==== DATASET EXCERPTS ====

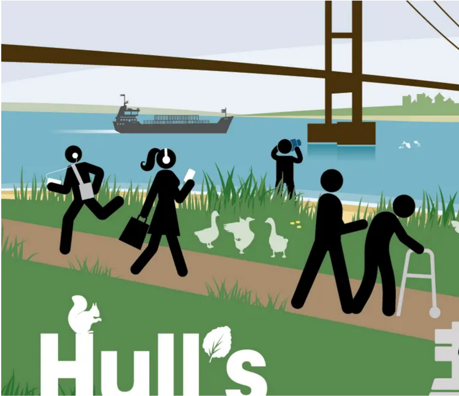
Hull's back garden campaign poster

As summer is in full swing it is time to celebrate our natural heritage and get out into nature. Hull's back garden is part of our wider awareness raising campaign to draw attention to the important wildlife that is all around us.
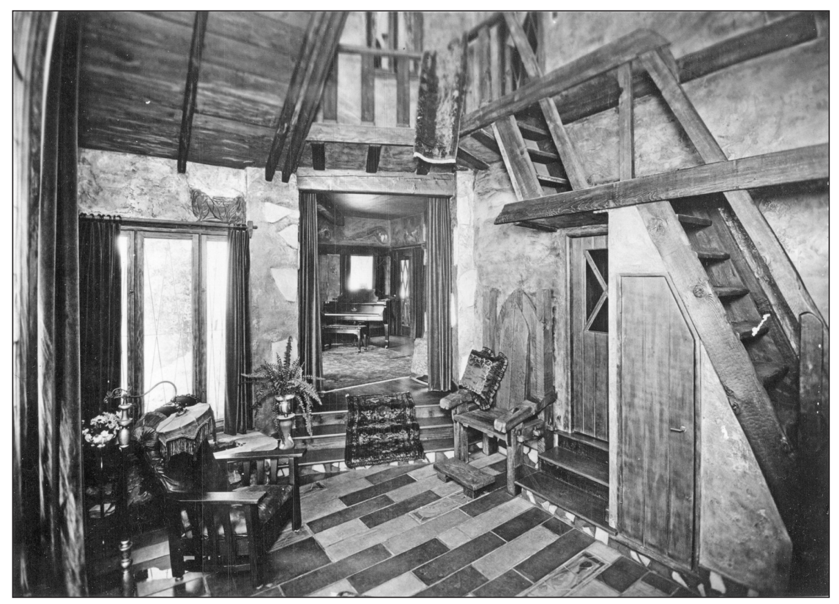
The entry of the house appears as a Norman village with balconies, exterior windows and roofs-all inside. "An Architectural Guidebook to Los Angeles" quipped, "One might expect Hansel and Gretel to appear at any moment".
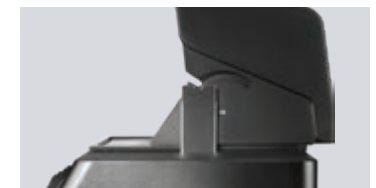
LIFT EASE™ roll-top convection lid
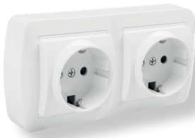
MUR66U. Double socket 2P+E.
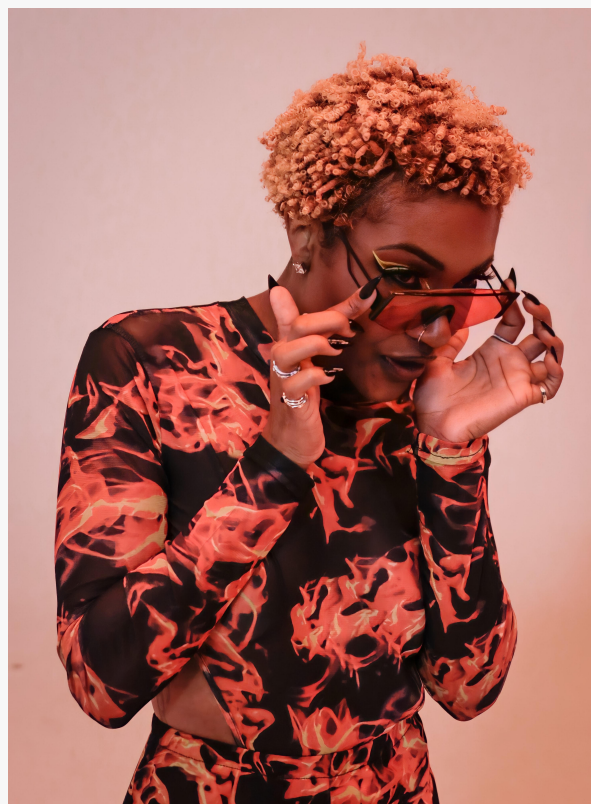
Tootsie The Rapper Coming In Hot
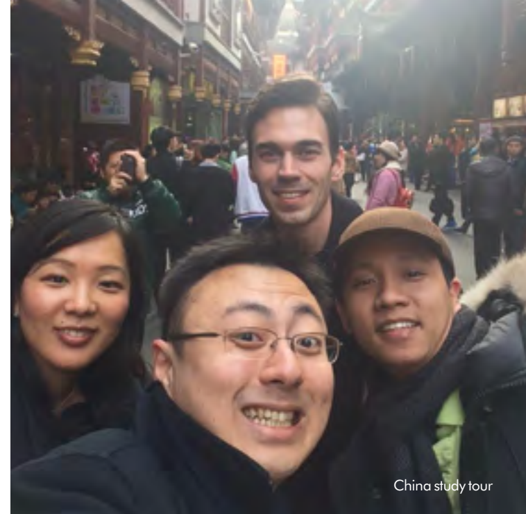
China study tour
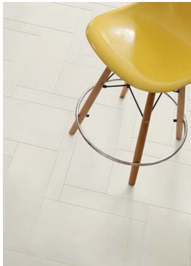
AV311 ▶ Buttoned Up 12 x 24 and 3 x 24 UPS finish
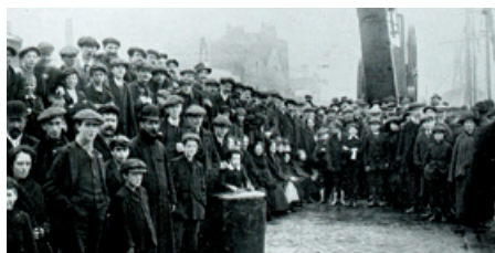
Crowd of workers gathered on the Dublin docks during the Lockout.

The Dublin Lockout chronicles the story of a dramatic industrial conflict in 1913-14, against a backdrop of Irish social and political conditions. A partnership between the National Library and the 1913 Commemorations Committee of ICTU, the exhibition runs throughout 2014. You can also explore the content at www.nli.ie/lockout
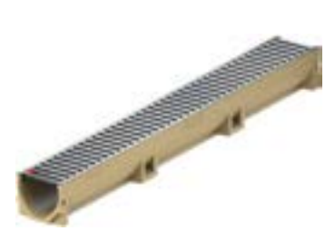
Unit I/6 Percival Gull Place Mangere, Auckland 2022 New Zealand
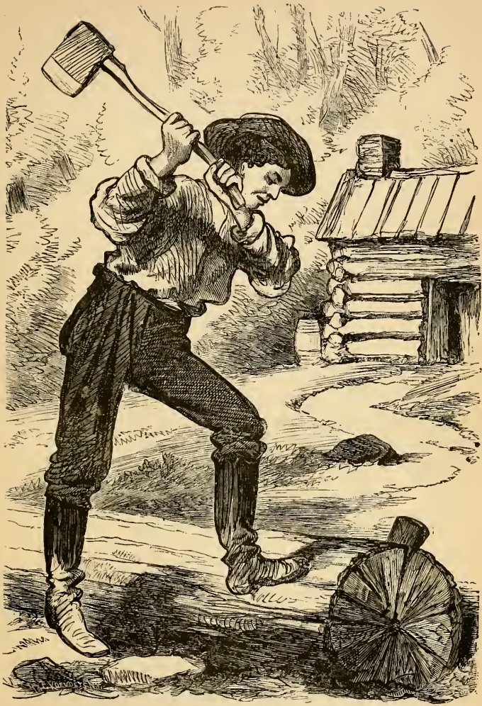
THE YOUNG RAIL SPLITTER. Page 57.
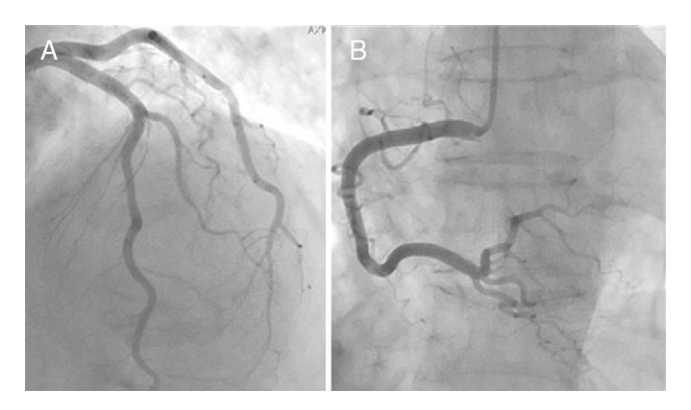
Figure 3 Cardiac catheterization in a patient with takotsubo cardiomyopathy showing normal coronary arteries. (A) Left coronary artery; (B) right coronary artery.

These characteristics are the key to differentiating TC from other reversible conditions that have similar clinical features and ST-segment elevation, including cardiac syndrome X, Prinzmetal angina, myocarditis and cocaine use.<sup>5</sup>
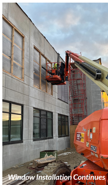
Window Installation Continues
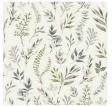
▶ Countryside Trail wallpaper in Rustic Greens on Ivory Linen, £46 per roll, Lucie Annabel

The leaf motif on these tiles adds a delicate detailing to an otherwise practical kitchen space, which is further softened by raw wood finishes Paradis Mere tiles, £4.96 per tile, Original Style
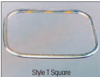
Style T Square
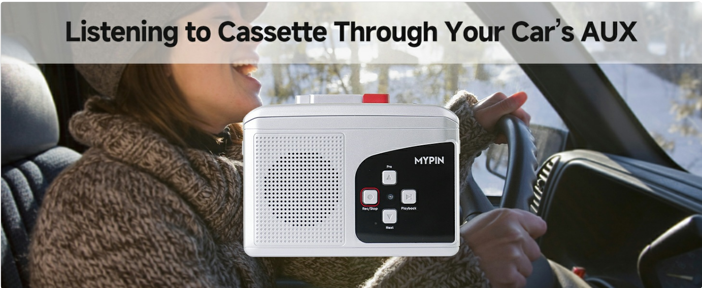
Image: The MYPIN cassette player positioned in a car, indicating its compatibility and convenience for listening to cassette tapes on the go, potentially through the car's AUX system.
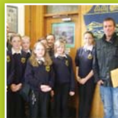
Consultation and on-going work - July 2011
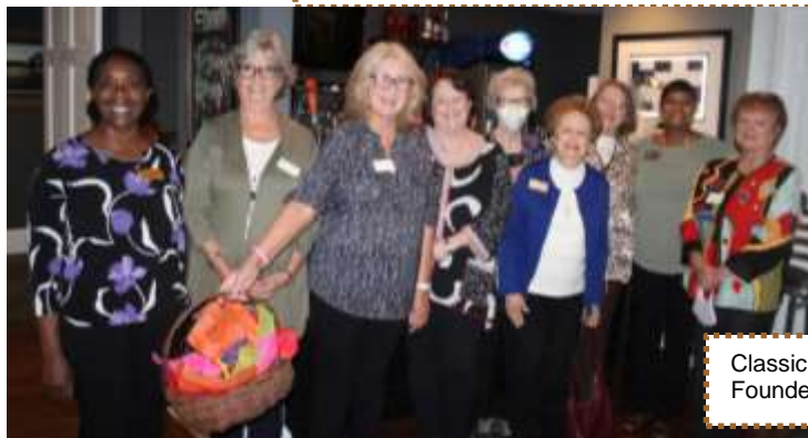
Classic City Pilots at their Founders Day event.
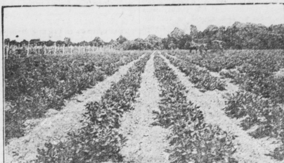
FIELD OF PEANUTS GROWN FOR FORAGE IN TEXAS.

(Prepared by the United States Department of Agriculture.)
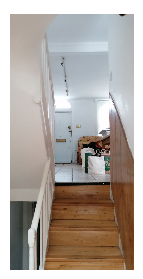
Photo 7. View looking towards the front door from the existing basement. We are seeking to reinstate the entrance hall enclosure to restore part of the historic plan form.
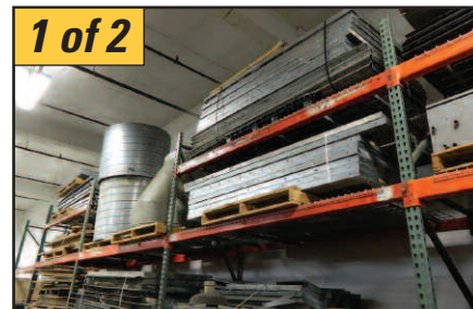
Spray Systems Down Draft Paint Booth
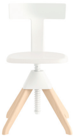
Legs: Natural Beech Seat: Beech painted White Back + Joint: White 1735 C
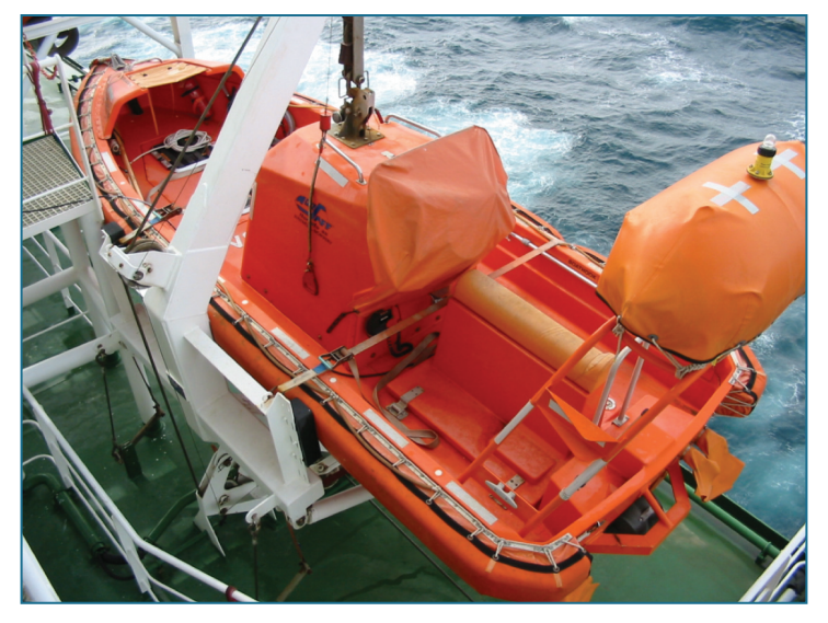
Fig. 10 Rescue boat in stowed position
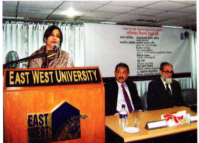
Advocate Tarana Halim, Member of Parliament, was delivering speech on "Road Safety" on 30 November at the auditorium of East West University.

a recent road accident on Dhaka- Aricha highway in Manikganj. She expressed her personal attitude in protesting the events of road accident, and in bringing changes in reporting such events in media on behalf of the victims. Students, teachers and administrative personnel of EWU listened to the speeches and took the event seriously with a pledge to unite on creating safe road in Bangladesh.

====

[YOUR TASK] Every record is to be repeated exactly, and no picture is carried over.

[ANSWER AREA]
Hull's back garden campaign poster

As summer is in full swing it is time to celebrate our natural heritage and get out into nature. Hull's back garden is part of our wider awareness raising campaign to draw attention to the important wildlife that is all around us.
The entry of the house appears as a Norman village with balconies, exterior windows and roofs-all inside. "An Architectural Guidebook to Los Angeles" quipped, "One might expect Hansel and Gretel to appear at any moment".
LIFT EASE™ roll-top convection lid
MUR66U. Double socket 2P+E.
Tootsie The Rapper Coming In Hot
China study tour
AV311 ▶ Buttoned Up 12 x 24 and 3 x 24 UPS finish
Crowd of workers gathered on the Dublin docks during the Lockout.

The Dublin Lockout chronicles the story of a dramatic industrial conflict in 1913-14, against a backdrop of Irish social and political conditions. A partnership between the National Library and the 1913 Commemorations Committee of ICTU, the exhibition runs throughout 2014. You can also explore the content at www.nli.ie/lockout
Unit I/6 Percival Gull Place Mangere, Auckland 2022 New Zealand
THE YOUNG RAIL SPLITTER. Page 57.
Figure 3 Cardiac catheterization in a patient with takotsubo cardiomyopathy showing normal coronary arteries. (A) Left coronary artery; (B) right coronary artery.

These characteristics are the key to differentiating TC from other reversible conditions that have similar clinical features and ST-segment elevation, including cardiac syndrome X, Prinzmetal angina, myocarditis and cocaine use.<sup>5</sup>
Window Installation Continues
▶ Countryside Trail wallpaper in Rustic Greens on Ivory Linen, £46 per roll, Lucie Annabel

The leaf motif on these tiles adds a delicate detailing to an otherwise practical kitchen space, which is further softened by raw wood finishes Paradis Mere tiles, £4.96 per tile, Original Style
Style T Square
Image: The MYPIN cassette player positioned in a car, indicating its compatibility and convenience for listening to cassette tapes on the go, potentially through the car's AUX system.
Consultation and on-going work - July 2011
Classic City Pilots at their Founders Day event.
FIELD OF PEANUTS GROWN FOR FORAGE IN TEXAS.

(Prepared by the United States Department of Agriculture.)
Photo 7. View looking towards the front door from the existing basement. We are seeking to reinstate the entrance hall enclosure to restore part of the historic plan form.
Spray Systems Down Draft Paint Booth
Legs: Natural Beech Seat: Beech painted White Back + Joint: White 1735 C
Fig. 10 Rescue boat in stowed position
Advocate Tarana Halim, Member of Parliament, was delivering speech on "Road Safety" on 30 November at the auditorium of East West University.

a recent road accident on Dhaka- Aricha highway in Manikganj. She expressed her personal attitude in protesting the events of road accident, and in bringing changes in reporting such events in media on behalf of the victims. Students, teachers and administrative personnel of EWU listened to the speeches and took the event seriously with a pledge to unite on creating safe road in Bangladesh.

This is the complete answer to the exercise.